While the two previous tools were focused on software designs and simulations, the Scale-Up prototype platform, the SuperPod networking innovation platform and the Scale-Out prototype platform are aimed at testing those innovations on actual hardware. Those platforms feature UB-compliant network equipment as well as prototyping hardware platforms on which FPGAs can be programmed to test implementability of new protocol mechanisms.
General remarks
In the workshop papers presented, several assumptions of distributed AI infrastructures serving large language models were questionned in order to distribute such systems over the Internet.

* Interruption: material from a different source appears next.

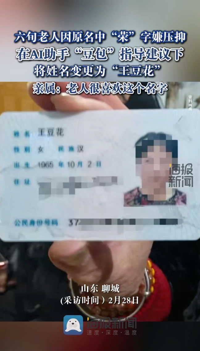 六旬老人在AI助手“豆包”指导建议下将姓名变更为“王豆花”,亲属:老人很喜欢这个名字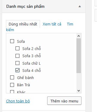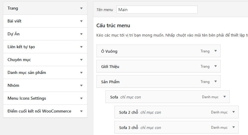 Ví dụ tôi muốn thêm một danh mục sản phẩm “sofa 4 chỗ ” vào menu, tôi sẽ tạo 1 danh mục “sofa 4 chỗ”, sau đó kéo vào menu

All those articles introduce heterogeneity in the management of distributed AI workloads. Indeed, while considering a distributed system as completely homogeneous and fully connected makes load distribution and schedduling easier, this assumption does not hold except for newly built, large clusters connected using scale-up networks. In “Latency-Optimal Load Balancing For Distributed MoE Inference” and “SCALE-CCL: A Scalable Collective Communication Library for Wide-Area Distributed Training”, heterogeneity is embraced during the schedduling phase, complexifying the optimization model used to allocate datachunks, model parameters and requests and requiring those works to adopt heuristics to make allocation and load distribution of inference or training workloads in a short time. Beyond schedduling, the invited speakers also mentionned the need to work on systems and protocol adaptations to address heterogeneity in distributed systems. In Uno, this translates in the design of phantom queues to address congestion issues arising from the difference in bandwidth-Delay products between intra-DC and inter-DC links, while in mooncake a novel transfer engine abstracting both scale-up and scale-out links is being designed and developped. In “You’ve got a few GPUs, now what?! — Experimenting with a Nano-Cluster for Distributed Training of AI Models” embracing heterogeneity comes with a goal to question the perceived necessity to use infrastructure at an hyperscale to work on large language models. In that regard, this work contributes to distributing AI workloads following the initial Internet philosophy to allow every network, large or small to interconnect and exchange data. This intention is also at the heart of several federated learning projects, which tend to couple distribution among heterogeneous and low resource nodes with the retention of control over the data used in training, fine-tuning and inference.